Retype, word for word, every line of the records below starting at the one that contains "(قال) ابن عبد" and ending at the one that contains "Mộ đá xanh đen được chạm chắc cầu kì."; include both of those lines and nothing more.

Source information
========================
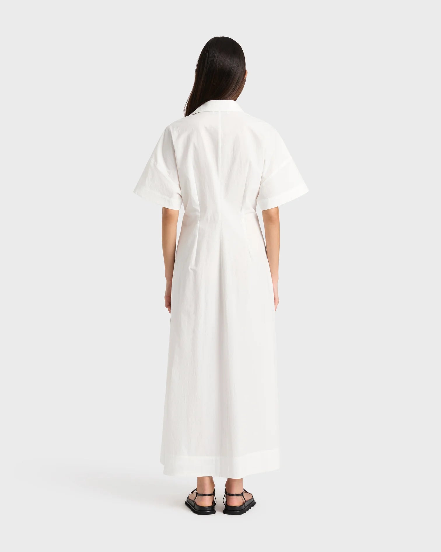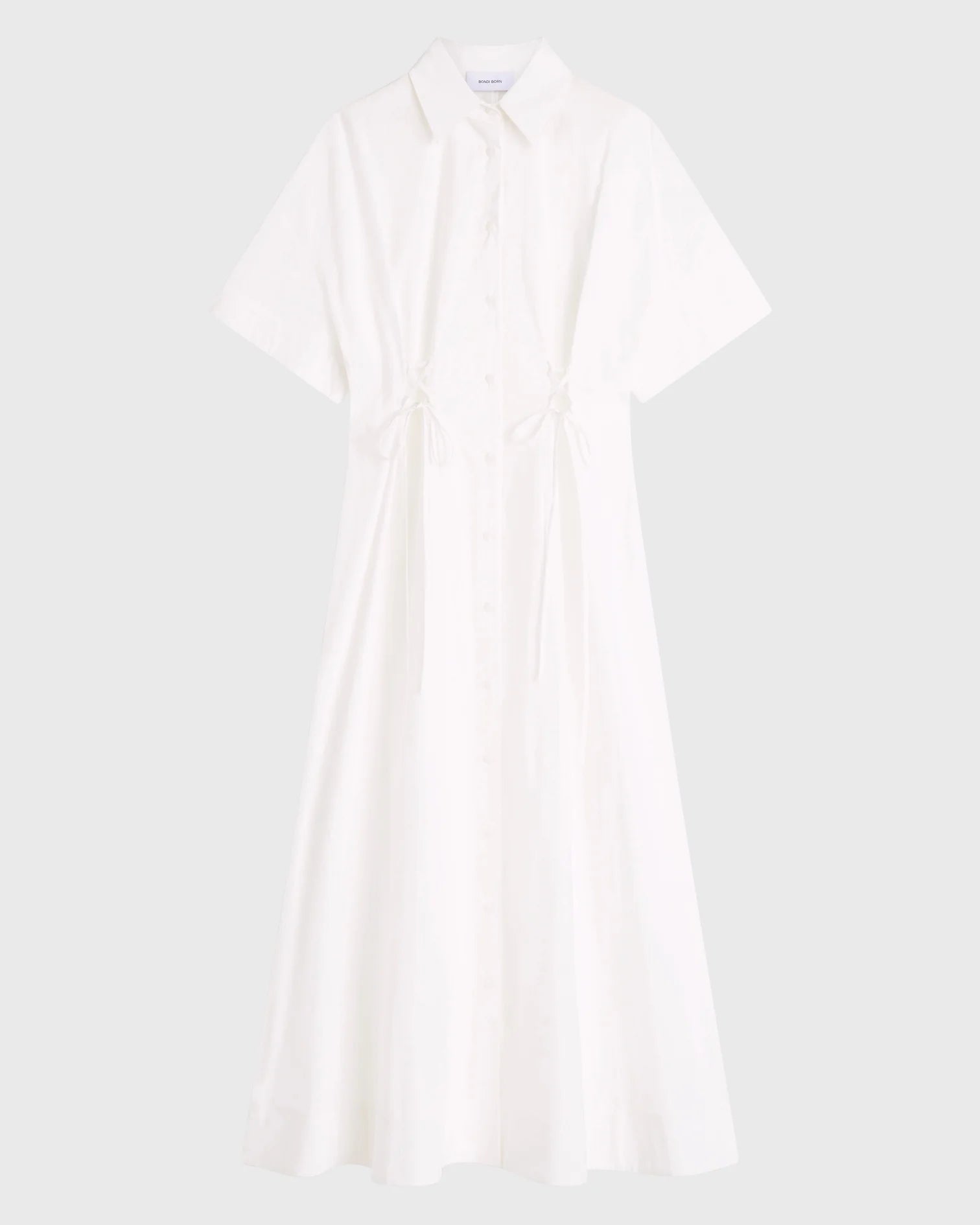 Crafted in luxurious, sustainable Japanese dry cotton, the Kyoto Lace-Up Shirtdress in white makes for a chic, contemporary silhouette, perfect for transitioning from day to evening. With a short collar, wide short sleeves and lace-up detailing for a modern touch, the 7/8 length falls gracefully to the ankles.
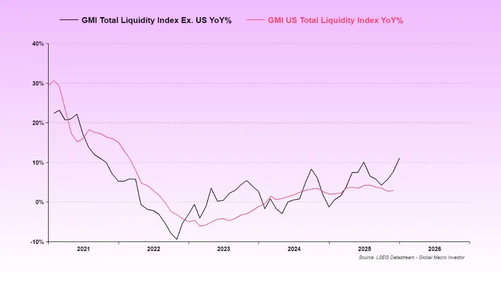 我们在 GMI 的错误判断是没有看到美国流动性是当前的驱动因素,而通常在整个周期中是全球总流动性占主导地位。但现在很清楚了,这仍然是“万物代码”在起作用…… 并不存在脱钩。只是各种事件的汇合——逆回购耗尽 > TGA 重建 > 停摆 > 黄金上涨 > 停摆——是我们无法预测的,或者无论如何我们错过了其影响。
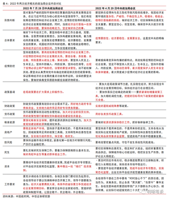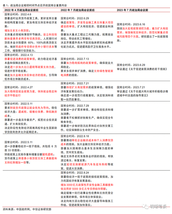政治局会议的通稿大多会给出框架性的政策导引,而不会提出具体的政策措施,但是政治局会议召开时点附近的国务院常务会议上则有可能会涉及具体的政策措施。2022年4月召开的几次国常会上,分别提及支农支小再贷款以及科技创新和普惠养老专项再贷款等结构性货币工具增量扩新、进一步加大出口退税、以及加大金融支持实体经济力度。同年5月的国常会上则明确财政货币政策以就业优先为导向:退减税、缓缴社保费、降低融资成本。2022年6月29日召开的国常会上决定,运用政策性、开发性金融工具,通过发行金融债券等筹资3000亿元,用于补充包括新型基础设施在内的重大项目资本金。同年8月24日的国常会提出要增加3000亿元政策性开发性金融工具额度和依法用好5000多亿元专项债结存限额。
========================
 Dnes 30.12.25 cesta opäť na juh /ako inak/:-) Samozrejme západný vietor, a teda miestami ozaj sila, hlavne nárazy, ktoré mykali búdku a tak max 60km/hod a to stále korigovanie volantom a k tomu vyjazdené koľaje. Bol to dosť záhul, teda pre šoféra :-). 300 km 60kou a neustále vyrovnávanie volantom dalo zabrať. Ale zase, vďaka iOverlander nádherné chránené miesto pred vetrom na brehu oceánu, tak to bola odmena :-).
========================
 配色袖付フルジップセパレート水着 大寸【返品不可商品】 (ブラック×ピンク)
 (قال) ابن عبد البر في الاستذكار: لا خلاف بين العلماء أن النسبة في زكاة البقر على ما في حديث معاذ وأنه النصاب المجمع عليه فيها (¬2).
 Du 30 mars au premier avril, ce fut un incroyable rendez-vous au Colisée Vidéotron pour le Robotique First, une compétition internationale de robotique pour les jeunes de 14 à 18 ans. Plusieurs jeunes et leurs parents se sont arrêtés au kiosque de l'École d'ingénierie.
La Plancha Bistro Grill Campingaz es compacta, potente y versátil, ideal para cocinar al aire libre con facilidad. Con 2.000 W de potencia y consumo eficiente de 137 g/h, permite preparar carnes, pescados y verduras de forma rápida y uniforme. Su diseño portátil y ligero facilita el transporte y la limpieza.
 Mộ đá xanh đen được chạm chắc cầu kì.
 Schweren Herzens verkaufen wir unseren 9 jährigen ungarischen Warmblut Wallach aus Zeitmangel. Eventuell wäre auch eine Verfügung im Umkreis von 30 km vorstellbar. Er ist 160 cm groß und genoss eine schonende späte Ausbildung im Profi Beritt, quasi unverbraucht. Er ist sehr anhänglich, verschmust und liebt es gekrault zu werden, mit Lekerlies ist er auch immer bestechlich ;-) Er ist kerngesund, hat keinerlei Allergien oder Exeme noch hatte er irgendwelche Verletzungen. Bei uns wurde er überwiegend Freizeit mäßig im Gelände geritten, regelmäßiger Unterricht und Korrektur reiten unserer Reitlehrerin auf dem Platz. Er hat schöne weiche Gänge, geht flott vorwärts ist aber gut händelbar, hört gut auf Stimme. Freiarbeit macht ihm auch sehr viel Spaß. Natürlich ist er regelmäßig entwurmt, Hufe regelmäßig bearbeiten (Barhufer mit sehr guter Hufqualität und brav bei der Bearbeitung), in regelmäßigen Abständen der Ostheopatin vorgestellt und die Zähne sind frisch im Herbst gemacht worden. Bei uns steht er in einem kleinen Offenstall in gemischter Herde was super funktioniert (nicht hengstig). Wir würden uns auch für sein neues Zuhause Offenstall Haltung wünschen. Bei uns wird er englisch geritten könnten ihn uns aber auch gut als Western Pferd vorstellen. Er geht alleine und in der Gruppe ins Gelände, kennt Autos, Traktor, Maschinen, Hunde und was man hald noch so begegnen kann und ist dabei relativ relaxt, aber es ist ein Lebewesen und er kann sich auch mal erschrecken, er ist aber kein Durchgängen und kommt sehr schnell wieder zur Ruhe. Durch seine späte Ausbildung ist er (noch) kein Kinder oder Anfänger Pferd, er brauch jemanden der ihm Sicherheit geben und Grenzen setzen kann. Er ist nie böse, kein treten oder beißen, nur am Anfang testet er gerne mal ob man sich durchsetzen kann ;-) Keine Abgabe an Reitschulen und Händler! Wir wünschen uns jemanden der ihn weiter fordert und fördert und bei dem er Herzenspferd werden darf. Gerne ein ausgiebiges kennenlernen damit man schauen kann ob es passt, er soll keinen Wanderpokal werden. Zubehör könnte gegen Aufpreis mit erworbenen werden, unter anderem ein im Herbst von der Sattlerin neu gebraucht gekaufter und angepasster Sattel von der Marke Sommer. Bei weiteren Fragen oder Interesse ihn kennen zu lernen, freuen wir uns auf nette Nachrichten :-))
========================
Completed exercise
 (قال) ابن عبد البر في الاستذكار: لا خلاف بين العلماء أن النسبة في زكاة البقر على ما في حديث معاذ وأنه النصاب المجمع عليه فيها (¬2).
 Du 30 mars au premier avril, ce fut un incroyable rendez-vous au Colisée Vidéotron pour le Robotique First, une compétition internationale de robotique pour les jeunes de 14 à 18 ans. Plusieurs jeunes et leurs parents se sont arrêtés au kiosque de l'École d'ingénierie.
La Plancha Bistro Grill Campingaz es compacta, potente y versátil, ideal para cocinar al aire libre con facilidad. Con 2.000 W de potencia y consumo eficiente de 137 g/h, permite preparar carnes, pescados y verduras de forma rápida y uniforme. Su diseño portátil y ligero facilita el transporte y la limpieza.
 Mộ đá xanh đen được chạm chắc cầu kì.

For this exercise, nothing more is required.